A project represents an application, microservice, or other software component built with open source or third-party software packages. Projects have a few basic fields and contain any number of releases.

FieldDescription
NameThis name is used when uploading/importing SBOM files to identify which project they belong to, and is also used when exporting SBOM files
DescriptionMarkdown-formatted text that will be displayed under the project, and exported with the SBOM file
URLNot displayed in the UI, but exported with the SBOM file
TypeNot displayed in the UI, but exported with the SBOM
OwnerAn email address that will be notified when issues are discovered

In general, projects should be used for deployable software, not library packages. For example, a NuGet or npm package uses dependencies to specify the packages it needs. These dependencies usually don't specify an exact version number, but a range of versions that are acceptable.

This means that you generally cannot know what specific versions of other library packages a library package will use until you actually try to use it.

Releases

A release represents a specific version of an application, microservice, or other software component and contains an inventory (a list) of the names and specific versions of third-party and open-source components (packages) used to create that release.

Issues

When ProGet detects an issue with one of these packages, such as an unwanted license or a new security vulnerability, an issue is created and the project owner is notified.

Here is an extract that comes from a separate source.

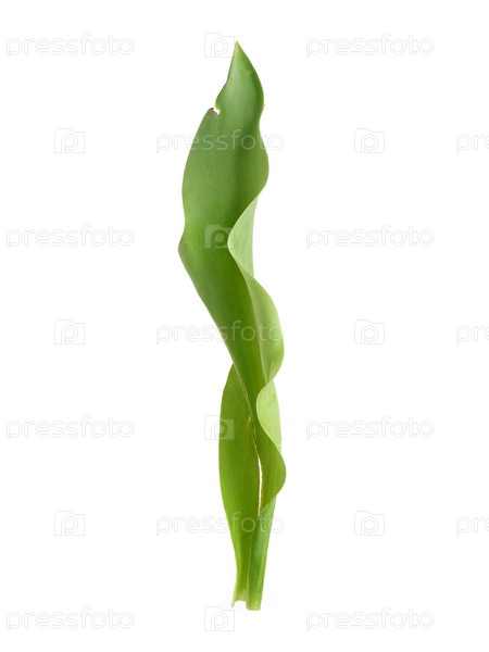 Одиночный зеленый тюльпановый лист, изолированный на простом белом фоне
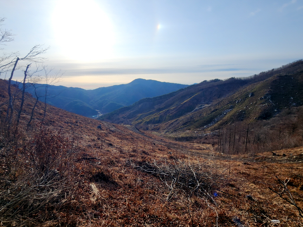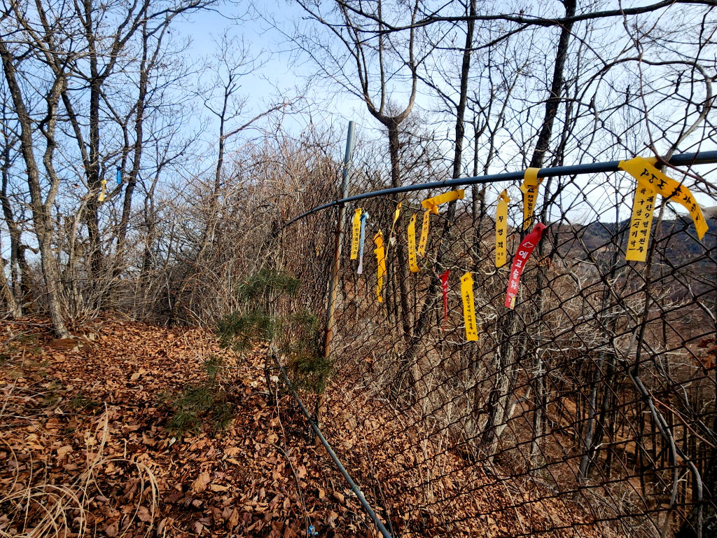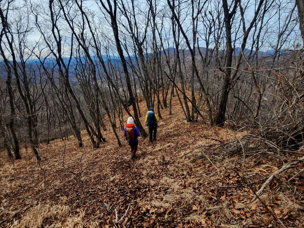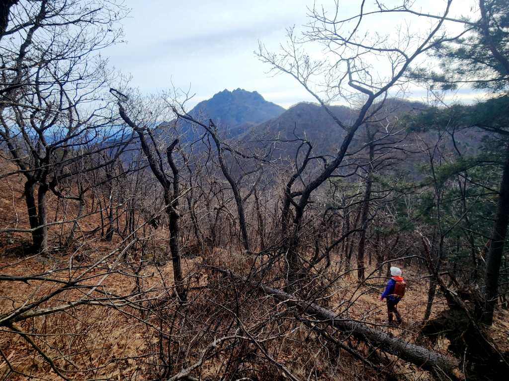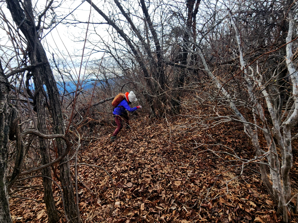 2년전 겨울 폭설이 얼어붙어 나무가 엄청나게 쓰러졌는데 여기도 쓰러진 나무로 인해 등로가 개판이 되었네요

From there, the issue can be remediated or resolved.

See Release Analysis & Issues to learn more.

Packages

The Packages tab on the release overview page displays all packages included in the release, their licenses, and security vulnerabilities.

Packages can be added to a release by uploading an SBOM document to the release.

If you need to add, remove, or modify packages to a release, navigate to Edit Release > Edit Packages and modify the provided package list. This should be done infrequently, as packages should be added automatically during the build process. You can also delete packages from the Packages tab.

Status & Lifecycle

You can mark a release as "inactive", which means that it will no longer be analyzed or displayed on the Usage tab of a package. Releases should be considered active if they are currently in development or production, and inactive if they have never been deployed or are no longer in use.